Matías Vila

Personal information
- Born: 7 July 1979 (age 47)

Medal record
Men's field hockey
Representing Argentina
Champions Trophy
| Bronze medal – third place | 2008 Rotterdam | Team |
Champions Challenge
| Gold medal – first place | 2005 Alexandria | Team |
| Bronze medal – third place | 2001 Kuala Lumpur | Team |
Pan American Games
| Gold medal – first place | 2003 Santo Domingo | Team |
| Gold medal – first place | 2011 Guadalajara | Team |
| Silver medal – second place | 1999 Winnipeg | Team |
| Silver medal – second place | 2007 Rio de Janeiro | Team |

= Matías Vila =

Argentine field hockey player

Matías Damián Vila (born 7 July 1979 in Buenos Aires) is a field hockey midfielder from Argentina, who made his debut for the national squad in 1997, and competed for his native country in the 2000 Summer Olympics, 2004 Summer Olympics and 2012 Summer Olympics.

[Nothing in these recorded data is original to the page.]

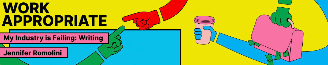 This week’s WORK APPROPRIATE is a personal fav — and you absolutely don’t have to be a person who writes for money to appreciate it. Jennifer Romolini is so funny, so wise, so warm — if you’ve worked in any passion industry, you will recognize yourself in her story and others’. I really can’t recommend it enough. Click the magic link to listen on your app of choice.
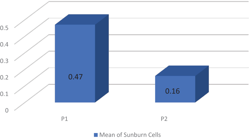 Table I shows that there is a significant difference in the number of sunburn cells in the sunscreen without astaxanthin (P1) and sunscreen with astaxanthin (P2) groups (p < 0.001). The mean of sunburn cells in the P1 group was 0.47 cells per high power field and P2 was 0.16 cells per high power field in Fig. 1. Sunburn cells are shown in Fig. 2, where there are more in group P1 than P2. The P2 group did not appear to have sunburn cells.
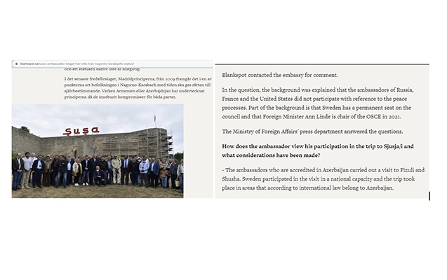Səfirliyin həyata keçirdiyi tədbirlərin nəticəsi olaraq ermənipərəst dairələrin bir çox planları iflasa uğradılıb. Belə ki, erməni lobbisinin himayəsi altında fəaliyyət göstərən, Vətən Müharibəsindən sonrakı dövrdə Azərbaycana qarşı 100-lərlə qarayaxma yazısına imza atan Rasmus Canbackin fəaliyyəti ifşa edilib. İsveçin diplomatik nümayəndələrinin Şuşaya səfərinə dair İsveç Xarici İşlər Nazirliyinə göndərdiyi iradlara cavab olaraq, İsveç Xarici İşlər Nazirliyi bildirib ki, Qarabağ Azərbaycanın beynəlxalq səviyyədə tanınmış ərazisidir. İsveç bu kontekstdə qəti mövqe sərgiləyən ilk Qərb ölkəsi olmuşdur ( https://blankspot.se/usas-ambassador-kriget-har-inte-lost-nagorno-karabachs-status/).
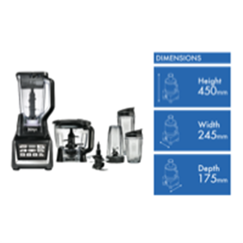 Take your blending to the next level with the powerful Ninja Nutri Blender System. This versatile 1500 watt blender features Auto IQ technology and Pro Extractor blades to effortlessly pulverize fruits vegetables ice and more into smooth nutrient-rich drinks and meals. With 3 speeds and a large 2L pitcher you can blend everything from single servings to family-sized portions with ease. The Nutri Blender includes two multi-serve cups and an array of lids so you can blend and go. Whip up sauces dips frozen drinks and more the possibilities are endless. The Nutri Blender is also great for food prep and can chop mix puree and process ingredients for recipes. Everything stacks neatly together for efficient storage. With its modern black design and range of accessories this do-it-all blender will be a welcome addition to any kitchen. Unleash your inner chef with the Ninja Nutri Blender System today. The manufacturer's part number for this product is BL682NZ.

Vila started to play hockey aged seven. After the Athens Games he moved from Banco Provincia to Dutch club HC Tilburg, which had just been promoted to the top league in the Netherlands, together with fellow international Tomás MacCormik. His younger brothers Rodrigo and Lucas are also field hockey internationals for Argentina. With the national squad, Matías has won the bronze medal at the 2008 Men's Hockey Champions Trophy and four medals at the Pan American Games.